A Simulated effects of changing the 15N abundance in atmospheric deposition from -5 per mil to -10 per mil, calculated for δ15N in ecosystems across a climate gradient in Hawai ‘i using the program nitrftgraddeep with deep soils included and BNF on. δ15N in soils for atmospheric deposition of -5 per mil is shown with solid symbols and that with atmospheric deposition of -10 per mil with hollow symbols. The two driest sites receive most of their N from atmospheric deposition, while the wetter sites have a greater input from BNF. B Time course of change in soil δ15 N over 100 years (1200 months) in a site receiving 20 cm/month precipitation, using the program tcnewprodnofixcr with BNF off

More generally, δ15N in ecosystems reflects both the isotope ratios in inputs of N to the ecosystem AND fractionation of N isotopes as N cycles (with enrichment of the residual N in the ecosystem caused by greater losses of N by the fractionating pathways that are more important in N-rich sites). In the short term, plants derive their N mostly from mineralization of soil N and to a small extent from atmospheric deposition, but in the longer term the δ15N of soil N (and so supply of N by mineralization) is a function of the 15N of N inputs. While the 15N in precipitation is notoriously variable, it is likely that the isotope ratios in atmospheric deposition have indeed changed in the direction suggested by Olff et al. (2022), and atmospheric deposition has likely become a larger fraction of total N inputs, making changes in δ15N difficult to interpret as reflecting simply changes in N availability. It is important to note that changes in the 15N of N inputs due to ammonia volatilization associated with agriculture or fossil fuel combustion occur over a subset of Earth’s surface while increased temperatures and atmospheric CO2 affect the entire planet.

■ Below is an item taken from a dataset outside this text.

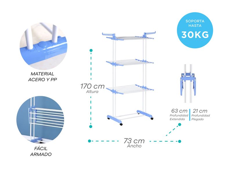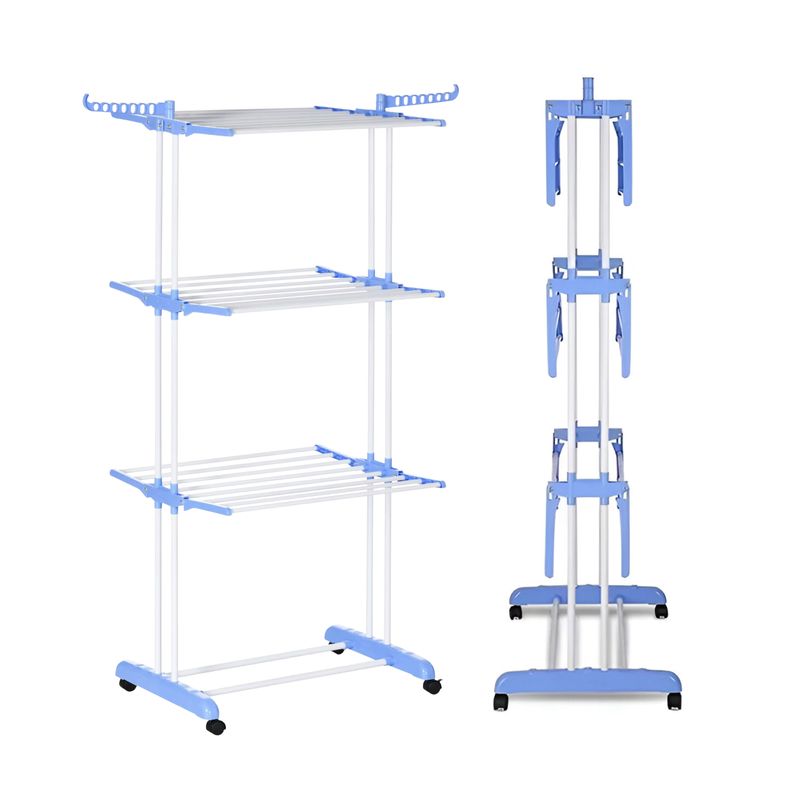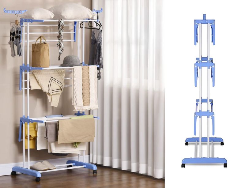 Tender plegable de 3 niveles con alas plegables, base para calzados y soporte para perchas extras.

The model on which we based our analysis is limited by its assumptions, as all models are. In particular, the model was calibrated for a particular rainfall gradient in Hawai ‘i. While we believe the model to be general except for the influences of volcanically-derived clays, those clays could be important in shaping δ15N, as described above. Also, net mineralization is modeled here; plants do not compete with microbes for available soil N in the model. That is appropriate for our focus on N losses, in that otherwise available forms of N will not be lost from ecosystems where plants and their mycorrhizae do compete with decomposers, but it is a constraint on the generalizability of the model.

Conclusions

Results of our model-based analysis show that there are plausible mechanisms by which components of anthropogenic global change could cause reduced N availability and induce N limitation. Some of these mechanisms, notably increased precipitation variability caused by climate change and ecosystem-level disturbance, could drive reduced N availability and the development of N limitation at equilibrium. Other changes especially including increasing atmospheric CO2 could cause non-equilibrium (but for CO2 large and long-lasting) declines in N availability and the development of N limitation—if there are constraints to the responsiveness of BNF to N deficiency. Still other changes, such as decreasing acid rain or decreases on atmospheric pollutants such as ozone that now decrease plant production and demand for N could also cause increased limitation if they occur rapidly enough. Anthropogenic global change means that Earth is out of equilibrium, if it was ever in it, broadening the conditions under which N limitation can be more than marginal and/or ephemeral.

These results do not suggest that excessive N enrichment associated with high rates of atmospheric deposition and/or urban and agricultural land use are not important environmental problems in many areas. Still, it is important to recognize that these problems occur over relatively small areas, while other components of anthropogenic global change such as increased atmospheric CO2 affect the entire planet. Reductions in N availability over the vast areas of Earth that are little-affected by N enrichment could have important effects on net primary production, carbon sequestration, trophic dynamics and other ecosystem functions and services.